Nicomachus was an ancient mathematician and philosopher known for his work in number theory. He is frequently credited with exploring mathematical proportions and relationships in numbers. One of his significant contributions was defining what he called a "subcontrary proportion." This is a particular relationship in three terms where the largest term relates to the smallest in the same way as the difference between the smaller terms does to the difference between the greater terms.
Nicomachus's work on these concepts was foundational in early mathematics, where the study of numbers and their properties began to take shape. He helped lay the groundwork for the systematic approach to understanding numbers that we use today in various fields of mathematics.

Mathematical proportion is a concept where two ratios or fractions are equal.

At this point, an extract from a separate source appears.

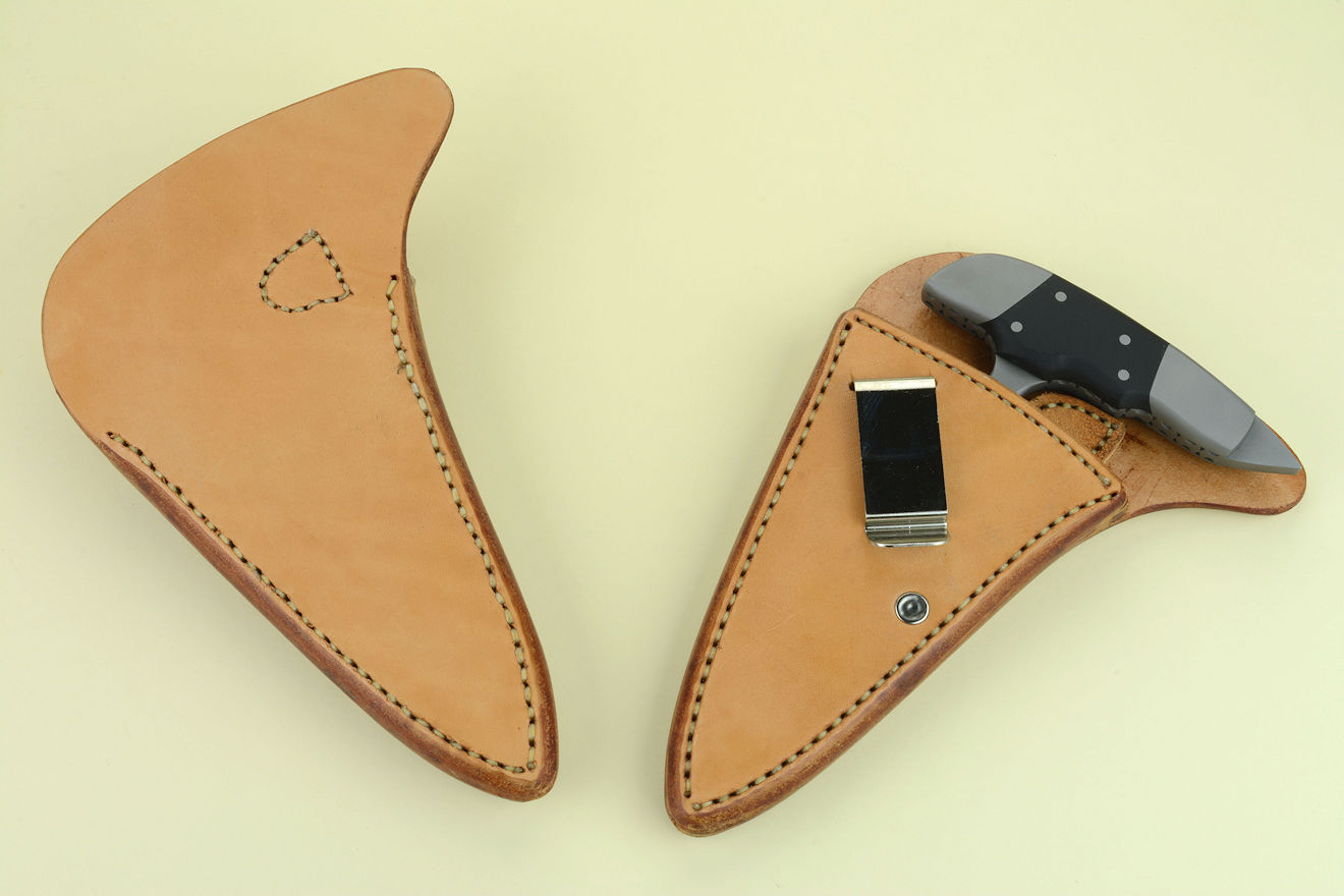 • Sheath 2: 9-10 oz. thick Leather Shoulder, Nickel Plated Spring Steel Clip, polyester sinew, (inside belt or waistband angled wear, left)

It involves the mutual relationship between numbers, often serving as a tool for understanding how quantities compare.

Here's a quick breakdown:

• A proportion is expressed as \( \frac{a}{b} = \frac{c}{d} \).
• This means that the ratio of \(a\) to \(b\) is the same as the ratio of \(c\) to \(d\).

In the context of Nicomachus's subcontrary proportion, this equality is used distinctly by involving differences between terms. The largest and smallest numbers have a specific relationship mirrored by the differences of the two smaller and two larger terms. Proportions like these illustrate the elegance and symmetry possible in mathematical relationships.

Number theory is a branch of mathematics devoted to studying integers and integer-valued functions. It concerns itself with the properties and relationships of numbers, especially the integers. Nicomachus's exploration into subcontrary proportion falls under this category as it deals with the fundamental properties of numbers, specifically their divisibility and relational patterns.
Number theory includes various subfields like:

• Divisibility
• Prime numbers
• Congruences and modular arithmetic

Each of these contributes to understanding not only the basic units of mathematics but also more complex phenomena. Scholars like Nicomachus were some of the first to consider the deeper implications of mathematical rules and relationships, which continues to be a rich area of research and application in modern science and mathematics.